After six years the Supreme Court (SC) has ruled on the controversy over the “just share” of local government units on national taxes and declared it should not be limited to national internal revenue taxes but also include all national taxes as well.
The ruling settled the proper interpretation of Section 6, Article X of the 1987 Constitution which provides: “Local government units (LGU) shall have a just share, as determined by law, in the national taxes which shall be automatically released to them.”
Section 284 of the Local Government Code of 1991 mandated local government units to have a share in the “national internal revenue taxes,” or what is now known as IRA (Internal Revenue Allotment).
As a consequence of the wording of the code the national government interpreted the law to mean the 40 percent share of LGU on the national taxes should be determined based solely on Bureau of Internal Revenue collections.
Under the SC ruling, the LGU share in IRA was expanded to now include franchise fees and custom duties.
In his petition, former representative now Batangas Governor Hermilando Mandanas, pointed out that from 1992 to 2012 the LGU were deprived of a staggering amount of P500 billion worth of their IRA share from national taxes.

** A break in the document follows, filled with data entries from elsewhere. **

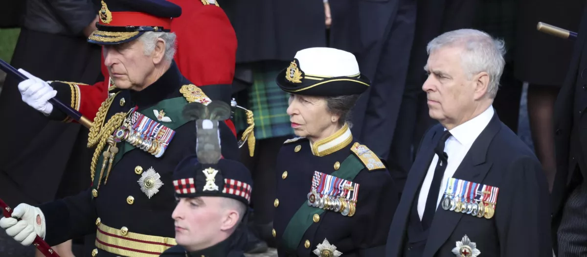El Rey, Carlos III, su hermana, la princesa Ana y el duque de York, el único de los hermanos con chaqué al tener prohibido usar el uniforme militar, durante el funeral de la Reina Isabel II
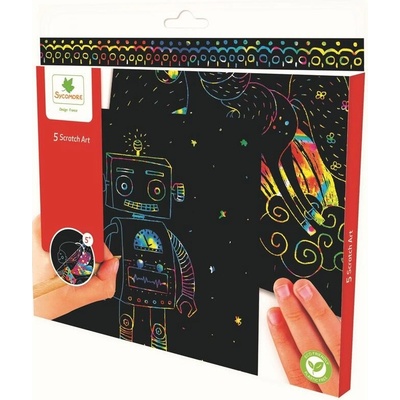 Pět obrázků k vyškrabávání. Obsahuje: 5 škrabacích obrázků o velikosti 17 x 20 cm s různými motivy a dřevěný stylus na vyškrabávání. Rozměry balení: 23 x 21,5 x 1,5 cm. Vhodné pro děti od 5 let.
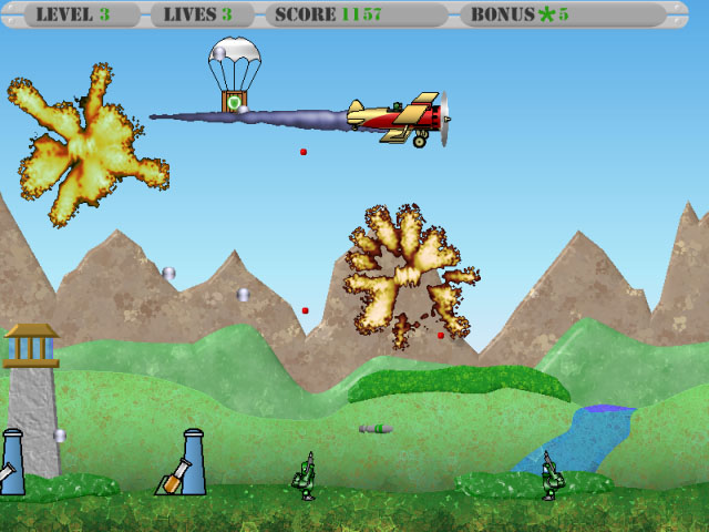 Máy bay của bạn được trang bị vũ khí chiến đấu và ném bom. Bạn đang được giao phó một nhiệm vụ khó khăn để loại bỏ tất cả các kẻ thù và quân xâm lược đất nước. Có nhiều loại máy bay trong trò chơi. Phi đội gồm máy bay, trực thăng, khí cầu chiến đấu và lực lượng bên địch sẽ tấn công bạn trong nhiệm vụ. Bên cạnh đó, tránh các cuộc tấn công của tòa tháp tuần tra đất đai và các ụ tên lửa, vũ khí đánh bom sẽ giúp chống lại. Bạn có thể có được vũ khí, đạn dược, bảo vệ, cuộc sống và điểm định kỳ. Tải về miễn phí trò chơi máy bay! Chúc may mắn trong một trận chiến!

Just to put the SC ruling in perspective, the 2018 General Appropriations Act allocated P522.7 billion for the IRA. If the SC ruling is applied to the 2018 GAA, a lawmaker said the IRA of LGU for 2018 should have amounted to P644 billion, or a difference of P121.3 billion.

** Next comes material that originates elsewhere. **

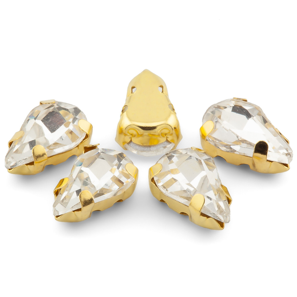 Стразы в золотых цапах Капля 6х10 мм Прозрачный 10 шт.
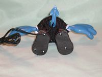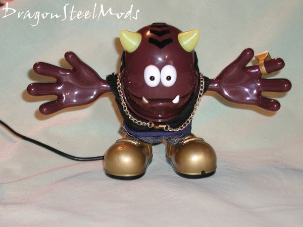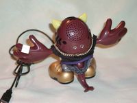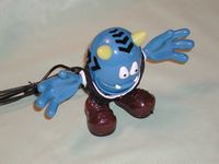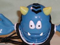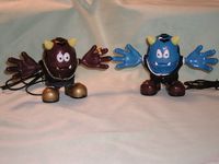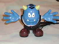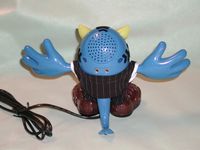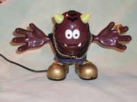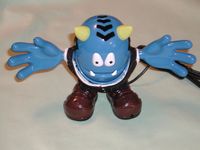 Verballs are pretty much all plastic, Slick has a business suit on and furry lines of hair on the top and sides of his head. His right foot has a tiny hole on the top of it, this the microphone, while the left foot has a tiny on/off button on it and volume control knob on side. The mouth also moves when a person talks through the Verball or he’ll lip sync to music.

In numerous cases the SC has pointed out the axiom that taxes are the lifeblood of government. With such massive loss in IRA share, it is no wonder that development and services in many local government units are lethargic.
Unfortunately, only a few LGU like Makati and Quezon City have adequate revenues so as not to depend largely on IRA for their operation.
Data from the Department of Budget and Management indicate that for many LGU, 90 percent of financial resources are from the IRA. Figures from 2009 to 2014 indicate that, on average, 80 percent of the operating incomes of municipalities and provinces were sourced from national government transfers.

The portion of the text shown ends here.